So I compromised with a soundalike name.

"Call me Scion."

* * * *

**September 9th, 1994.**

Kevin Norton was dying.

The motorist had sped off, leaving the man laid out in the street minutes before the entity's own arrival. It could look into every possible future, and saw none where Kevin Norton was thankful for the entity restoring him to full health.

So it stood over the man.

"Wonder if I'll wake up as a butterfly," he wheezed. "That'd be nice. Never did much with my life to earn anything better. What about you, golden man? What'll you be reborn as when the same rain falls on your head?"

The entity would not be reborn. The cycle had been disrupted.

"You've saved a lot of people's babies. That's got to count for something." He expelled a measure of saliva and blood on the asphalt. "You've earned yourself another go at being human. Good parents, too. But maybe... switch things up. See how the other half lives."

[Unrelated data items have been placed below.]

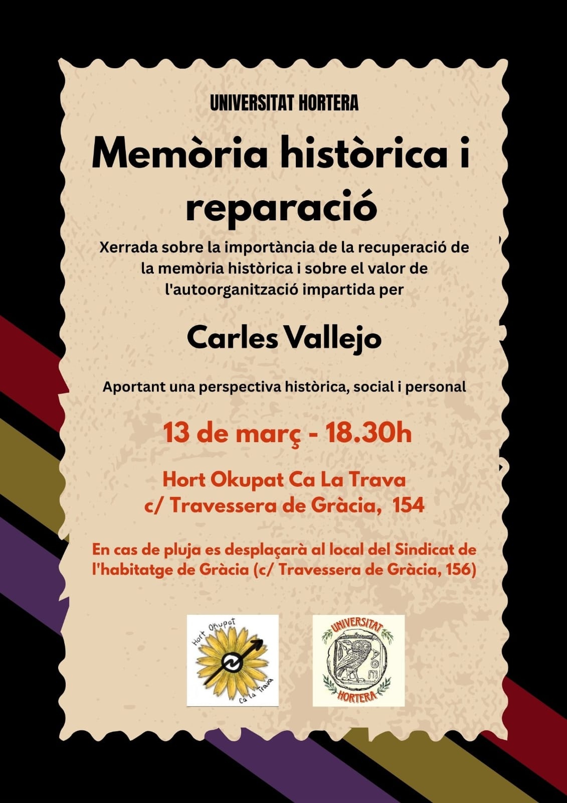 Aquest divendres torna la Universitat Hortera amb una xerrada impartida per Carles Vallejo sobre la importància vers la recuperació i preservació de la memòria històrica i sobre el valor de l'autoorganització des d'una perspectiva històrica, de lluita social i del testimoni del mateix conferenciant. En un format tipus mesa oberta en la que seran benvingudes preguntes i intervencions després de la presentació.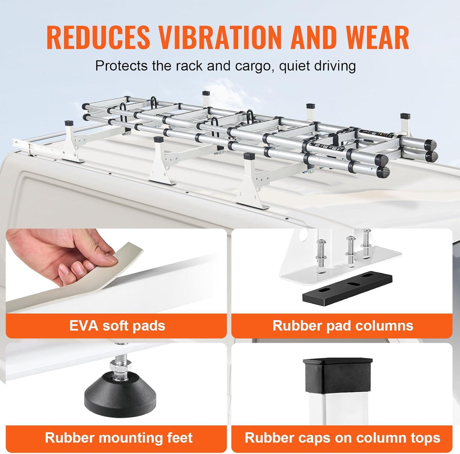 imageVEVOR Van Ladder Racks 472787 in Adjustable 500 lbs Capacity Alloy Steel Compatible with FullSize Vans 2 Pcs Whitefor MidLarge Size Vans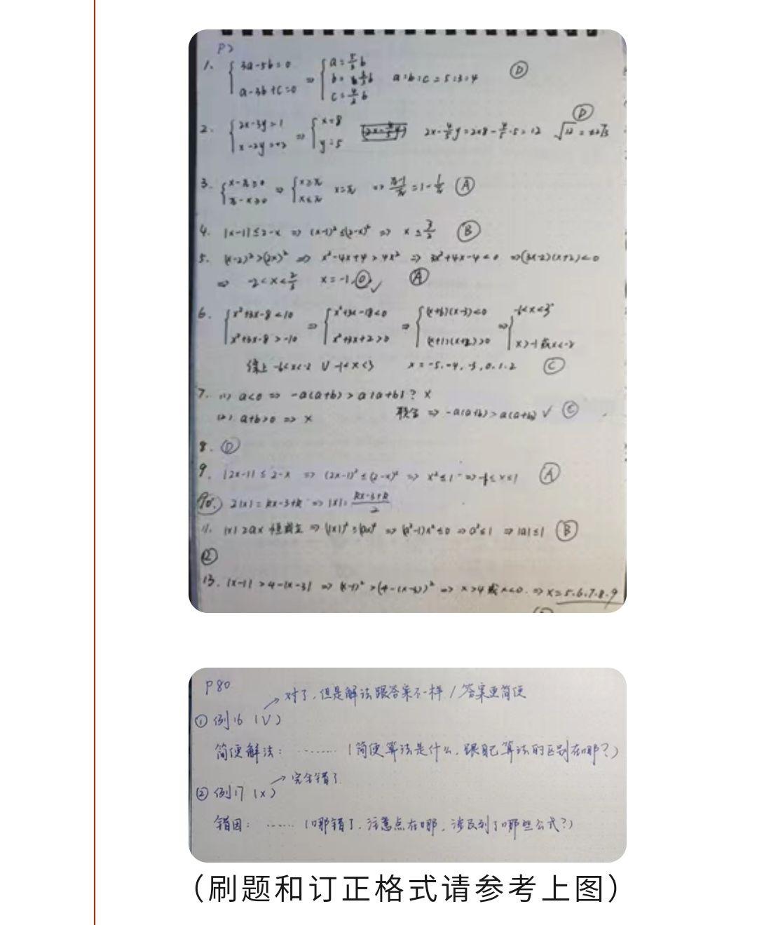 重点:刷题及订正错题讲究的是效率,大家可以准备两本本子:一本用于刷题,一本用于订正错题。刷题时,大家可以把步骤写在上面,方便后面对答案时找出错处。订正时,不要抄题,很费时间,直接订正步骤即可。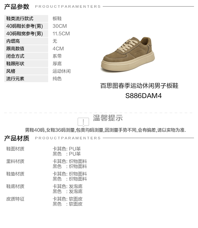 | 40码鞋长参考(男):30CM | 鞋帮:低帮 | 功能科技:防滑 | 鞋底材质:发泡底 | 内增高:无 |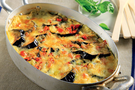 «Σαγανάκι» φούρνου με μελιτζάνες και μετσοβόνε

Its other half was the counterpart. By the binary sexual reproduction common to this species, that would make its other half female.

After Kevin Norton's brain function ceased, the entity considered.

What was its role now?

Kevin Norton said it had earned a new one.

Be a female human being with parents.

As commonly understood by the faiths of Kevin Norton's species, a rebirth required no memory of the previous life. When that new life ended, the entity would be made aware of itself again.

Yes. That would suffice.


End file.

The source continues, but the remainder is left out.